Geoff, I was trying to make the point that as a money saving exercise it only works if Luxembourg is on route, but that's not the only reason to travel somewhere.

When you cross Belgium do you travel via Lille or Bruxelles ?

Our favoured Luxembourg route is Calais - Dunkerque - Lille - Mons - Namur - Luxembourg. From the A16 Autoroute at Calais it's free motorway all the way.


----------



## Exem (Mar 12, 2006)

veevee said:


> When you cross Belgium do you travel via Lille or Bruxelles ?
> 
> Our favoured Luxembourg route is Calais - Dunkerque - Lille - Mons - Namur - Luxembourg. From the A16 Autoroute at Calais it's free motorway all the way.


Agreed and the same route as you.

Also, we have stayed overnight at the Tournai aire and plan to do so again.

Geoff


----------



## veevee (Nov 6, 2011)

Also, we have stayed overnight *at the Tournai aire* and plan to do so again.

Is that on the motorway or in the town?
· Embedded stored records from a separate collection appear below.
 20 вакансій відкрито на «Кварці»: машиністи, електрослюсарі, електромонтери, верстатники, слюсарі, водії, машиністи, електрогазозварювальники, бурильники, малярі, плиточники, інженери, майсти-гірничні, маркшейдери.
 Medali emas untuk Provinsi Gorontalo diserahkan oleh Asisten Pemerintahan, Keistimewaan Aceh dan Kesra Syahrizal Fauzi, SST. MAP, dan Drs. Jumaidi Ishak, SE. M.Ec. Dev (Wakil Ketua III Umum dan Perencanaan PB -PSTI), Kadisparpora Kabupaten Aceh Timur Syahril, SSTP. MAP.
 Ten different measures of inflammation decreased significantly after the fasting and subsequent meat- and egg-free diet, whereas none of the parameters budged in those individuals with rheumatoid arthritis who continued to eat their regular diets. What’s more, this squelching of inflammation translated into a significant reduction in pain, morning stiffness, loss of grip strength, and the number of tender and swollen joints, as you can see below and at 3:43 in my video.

Do you have a reference for it please.


----------



## Zozzer (Aug 13, 2006)

veevee said:


> Our favoured Luxembourg route is Calais - Dunkerque - Lille - Mons - Namur - Luxembourg. From the A16 Autoroute at Calais it's free motorway all the way.


Totally agree, used this route myself when heading to Switzerland and to Trier. But then again I hate the Brussels ring road.
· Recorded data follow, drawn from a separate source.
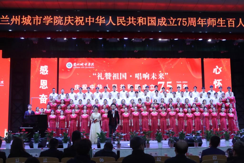 为隆重庆祝中华人民共和国成立75周年,深入实施校园文化浸润工程,进一步弘扬校园文化主旋律,激发广大党员干部和师生员工对党、对祖国、对人民、对社会主义的深厚感情,9月30日,“礼赞祖国·唱响未来”taptap点点庆祝中华人民共和国成立75周年师生百人大合唱比赛在校本部大礼堂隆重举行。校领导曹洁、韩高年、李幕堂、牟录贵、方忠义、魏晋华、张发旺、王素云、褚汶榉,校党委常委、党委组织部部长陈伟出席活动,并为获奖单位颁奖。全校18个参赛代表队共2000余名师生参加演出,各参赛队认真练习,积极准备,以饱满的精神面貌和精益求精的艺术态度,唱响祖国赞歌。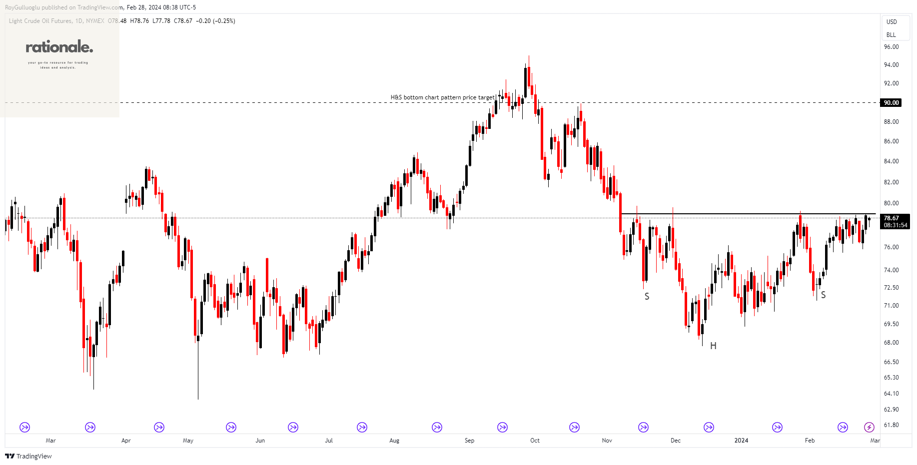 A daily close above 80.18 levels would validate the breakout from the 3-month-long H&S bottom chart pattern.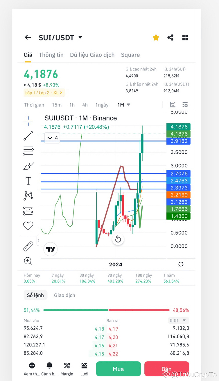 $SUI con hàng đẻ trứng vàng đối với MM chưa con nào L1 bay x8 từ vùng đáy. Ad đã bảo là nó bay vô đối thủ trong mùa này đối với dòng L1. Nếu ai theo dõi sẽ biết điều đó.Nhìn cây đẩy của nó thấy sự fomo thật khủng khiếp nhưng đây chắc chắn không phải là nhà đầu tư nhỏ có thể đẩy được x8. Có nghĩa nó đã có bàn tay phù phím của anh MM.Nhìn chart nó thì vùng gap retest để lại thật khủng khiếp. Lỡ đu vào thì khi nó sập không biết khi nào về được đỉnh.Nhưng nhìn chart hiện MM vẫn chưa cho nó xuống. Vẫn là con hàng đẻ trứng vàng của MM để kéo thanh khoản.Check lại thanh khoản thì vùng 4,5-48 tạm thời rất ngon trong ngắn hạn khi có 1-2 con cá voi mở short lớn vùng này. Trong dài hạn thì thanh khoản long lại ngon.Về ngắn hạn nó có vùng cần retest ở 3,9-4.0 để tiếp tục đẩy nha. Nhớ là nó tiếp tục đẩy vì cây M thứ 2 của nó không phải là 1 cây đẩy rướng. Mà là 1 cây đẩy thật.Còn khi nào nó sập thì phải hỏi anh MM thôi. Ảnh cho nó lên bao nhiêu thì lên bấy nhiêu $SUI

One thing I will say about diesel in Luxembourg is don't fill up on the motorways as it's more expensive than in the towns.


----------



## WildThingsKev (Dec 29, 2009)

A bit off topic but regarding the Swiss 10 day permit for over 3.5t vehicles.

When we were there I only completed it for the days we were on the road, not in campsites, because I reasoned why have dates to fill in if it was a consecutive 10 days.

However, by the time we left I decided that it should be completed each day you are in the country and the reason for the dates being filled in was for vehicles from neighbouring countries driving in and out again delivering/collecting etc.

It wasn't checked.

Kev


----------



## Exem (Mar 12, 2006)

veevee said:


> Also, we have stayed overnight *at the Tournai aire* and plan to do so again.
> 
> Is that on the motorway or in the town? Do you have a reference for it please.


It's in the town and it's in the campsite database:
Tournai aire

One thing to watch - last September we couldn't use it as there was an enormous fair on the car park/aire. Looks like it's an annual event and it's on for three weeks:
Tournai events

Geoff


----------